Write the listing out again word for word, skipping each picture.

▶ **AVAILABLE DATA**:

┄┄┄┄┄┄┄┄┄┄┄┄┄┄┄┄┄┄┄┄

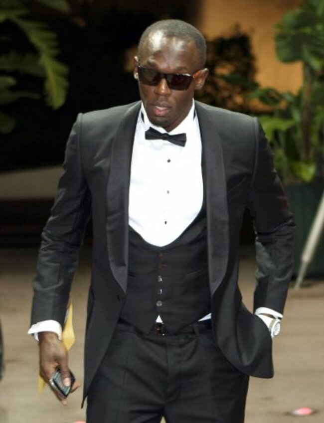 It’s showtime: Jamaican sprinter Usain Bolt. (AP Photo/Claude Paris)
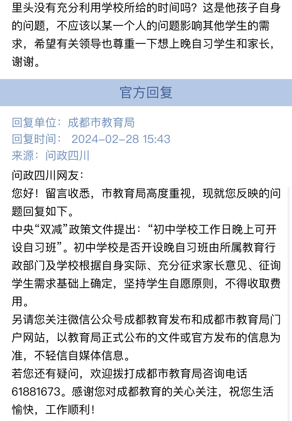 2月28日,成都市教育局在问政平台答复网友时表示,中央“双减”政策文件提出:“初中学校工作日晚上可开设自习班”。
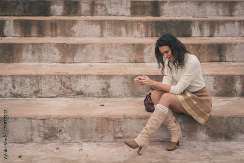 girl, beautiful, pretty, beauty, woman, attractive, young, fashionable, cute, lifestyle, fashion, caucasian, white, sensual, look, seductive, urban, people, style, stylish, female, street, lady, long, hair, posing, model, elegant, vogue, modern, contemporary, trendy, styling, outfit, autumn, fall, season, clothing, intense, expression, mini, skirt, miniskirt, brunette, concrete, step, leg, smiling
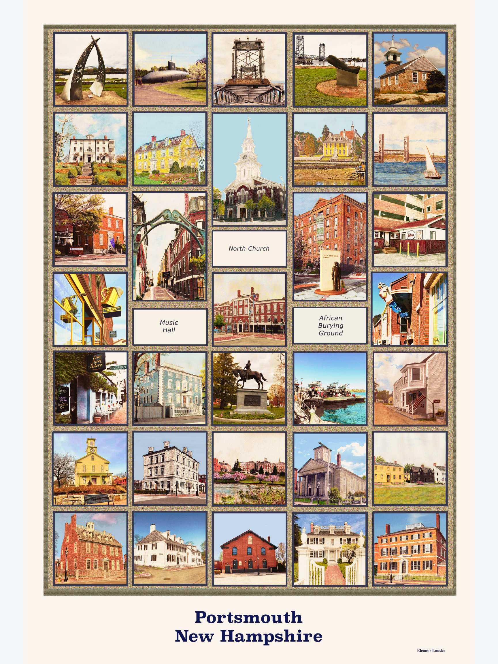 A wonderful treasure of some wonderful sights in Portsmouth. This photo collection was done by Eleanor Lohske. Size is 8 by 10 and is framed and ready to hang!

┄┄┄┄┄┄┄┄┄┄┄┄┄┄┄┄┄┄┄┄

▶ **RESULT OF THE EXERCISE**:
 It’s showtime: Jamaican sprinter Usain Bolt. (AP Photo/Claude Paris)
 2月28日,成都市教育局在问政平台答复网友时表示,中央“双减”政策文件提出:“初中学校工作日晚上可开设自习班”。
 girl, beautiful, pretty, beauty, woman, attractive, young, fashionable, cute, lifestyle, fashion, caucasian, white, sensual, look, seductive, urban, people, style, stylish, female, street, lady, long, hair, posing, model, elegant, vogue, modern, contemporary, trendy, styling, outfit, autumn, fall, season, clothing, intense, expression, mini, skirt, miniskirt, brunette, concrete, step, leg, smiling
 A wonderful treasure of some wonderful sights in Portsmouth. This photo collection was done by Eleanor Lohske. Size is 8 by 10 and is framed and ready to hang!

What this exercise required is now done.